American war crimes come and go without too much notice. There are a number of reasons for this, some of them obvious, others more confusing. We all learned our US history in the 5th Grade and the lessons learned have stuck with us. Not even our churches, imbued with or frightened of Americanism, have talked much about this. Even in these days of the internet, as war crimes being committed are becoming ever more visible and impossible to deny, that 5th Grade history text trumps any and all reflection and thought upon the darker side of our history.
We know that had America been Catholic from the beginning, which was possible considering the strong historical Catholic presence in the West, the South and Canada, we wouldn't have been doing things like we did to the Japanese innocents, or dropping atomic weapons upon civilian populations, or carpet bombing European cities. If we had been Catholic we probably wouldn't have been in that terrible war in the first place. There are those who have dedicated their lives to the conversion of today's America to Catholicism, a noble effort to be sure. That such a task may seem Herculean, or even Utopian, should not deter us from helping such efforts. But while engaging in that kind of effort we should not close our eyes to the crimes of the past. True patriotism does not mean joining the military and going off to "fight for freedom" (as if that was ever the case these past 150+ years); rather it means loving your country while dedicating yourself to cleansing it of the filth of the past and the present.

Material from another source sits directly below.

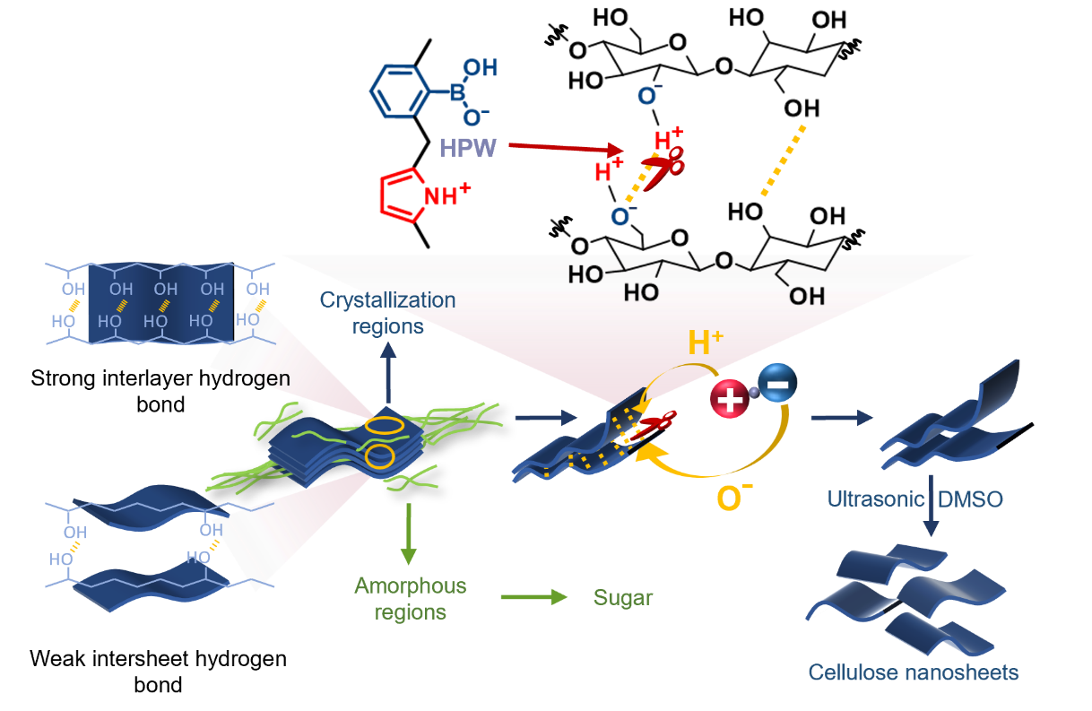 基于这一发现,中国科学院宁波材料技术与工程研究所研究员那海宁提出了“两性离子复合固体催化剂构建及纤维素选择性催化解聚”策略。研究人员采用强制性共价连接模式,设计合成了新型固体催化剂。简单来说,就像是打造了一把“精准剪刀”:它把弱酸性与弱碱性单元均匀分散排列,通过调控二者相互作用获得适宜的离子强度,再加上磷钨酸的辅助,形成一种全新的解聚技术。用这把“剪刀”解离纤维素,就像在特定层面上温和地“剪开”聚集结构,既不会破坏纤维素本身的分子结构,又能完整把二维片状纳米材料提取出来。

The injustice being remembered today is merely a reminder that we Americans might do well with a second and large helping of humble pie. The military reminisces of our various Colonel Blimps hold no interest for this writer. Jingoism and flag-waving while ignoring our inglorious past and present leave some of us rather disgusted. Hilaire Belloc would often write of his own military experiences when he was young, when there still was a bit of chivalry left in soldiers (vide the famous World War 1 Christmas truce). But when he got older that great man began to see things differently and to look at men-in-arms less romantically. Losing sons in an evil and far from chivalrous Second World War being fought on behalf of international money-grubbers had a lot to do with it, as did Belloc's exemplary Catholic faith. While we are losing what few freedoms we have almost every day we might wish to start resorting to that kind of humility which can give strength, the kind that remembers the wrongs we have done, with a firm purpose to never allow such wrongs to happen again.
Innocent Japanese then, as innocent Arabs now [WARNING: the link posted is hideous], were and are shamefully treated by the government of the United States and, I'm afraid, by far too many citizens. These are crimes, and they must never be blotted out of our memories.
America needs to go to Confession.
1 comment:
Speaking truths deserve the real Bravo's. And dear young men who sacrificed and are sacrificed for causes that were false, deceits, lies which to them were unknown. So much human fodder. I recall a quote but can't recall the speaker, 'Most wars are the sacrifice of many for the power of few'. I too am disgusted. near sick to death of the Nation's Narrative.